We saw what was happening in the meatpacking plants in the United States, where workers were being called essential and being denied unemployment, so they had to go into these very dangerous working conditions. Farmworkers were being told they couldn’t be tested for COVID because they didn’t want to slow up the tomato harvest. And that’s what brought us back into this world. 

Q: Did you stay in touch with Schlosser and Pollan over the years?

RK: We did a project with Eric, “Command and Control,” about an accident at a nuclear missile silo. And we talked to Michael about doing projects, so we’ve been totally in touch. We’ve become very close, and it’s been a wonderful relationship, though I think all four of us equally thought we would never enter this realm again.

Q: Two senators appear in the film. Booker and Tester talk about being an unlikely pair.

RK: What’s so exciting about the two of them together is they are capable of expressing what’s wrong with this food system.

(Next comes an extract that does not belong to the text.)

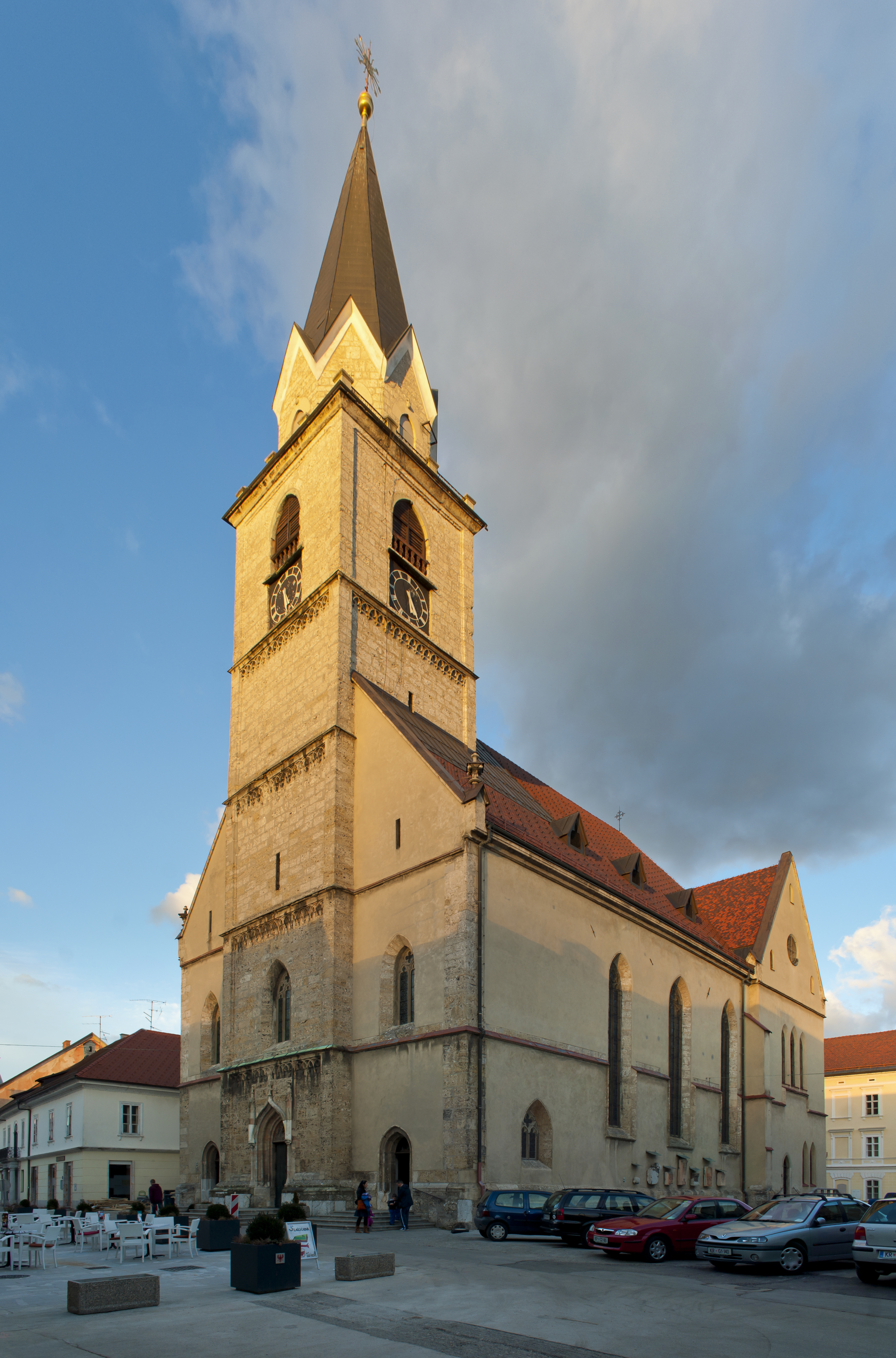 St. Cantianus Church in KranjSlovenščina: Sv. Kancian v Kranju

So much of the way we look at the farm bill has always come out of rural America and has had nothing to do with urban America.

Tester speaks to the corporatization of farming in rural America and the fact that so many of his neighbors and towns have just been hollowed out. And Booker [speaks to how] the corporate food that gets into the cities is nutritionally bankrupt food that’s making people sick. 

That didn’t exist in 2008. Really there was no one in the Senate at that point advocating for good food when we made the first film. There were people in the House doing a wonderful job, but that was not true in the Senate.

Q:  What else has changed since 2008?

MR: We do talk about ultra-processed food, which is a new concept to the public, and there’s been a lot of research that began after the original film. I think this is an area consumers will be more and more focused on.

Q: I went to the screening in D.C., and I wasn’t prepared for some of the star wattage. You had the requisite people from the Environmental Working Group and other nonprofits, but you also had Chris Tucker and Morgan Freeman.

MR: It was a thrilling screening, honestly. A lot of participants from the film were there, and seeing people from so many different arenas come together around this issue just tells you how much people care about food and what it means to us.

RK: We spent the day going around Washington. We went to the FDA and met with them because they are talking about [front-of-package] labeling. We’re just saying let people know what’s in their food and let them be aware of the consequences of this food. And in talking to the FDA, you realize they need support. They need all the support they can get. Maybe food has become more of a culture war.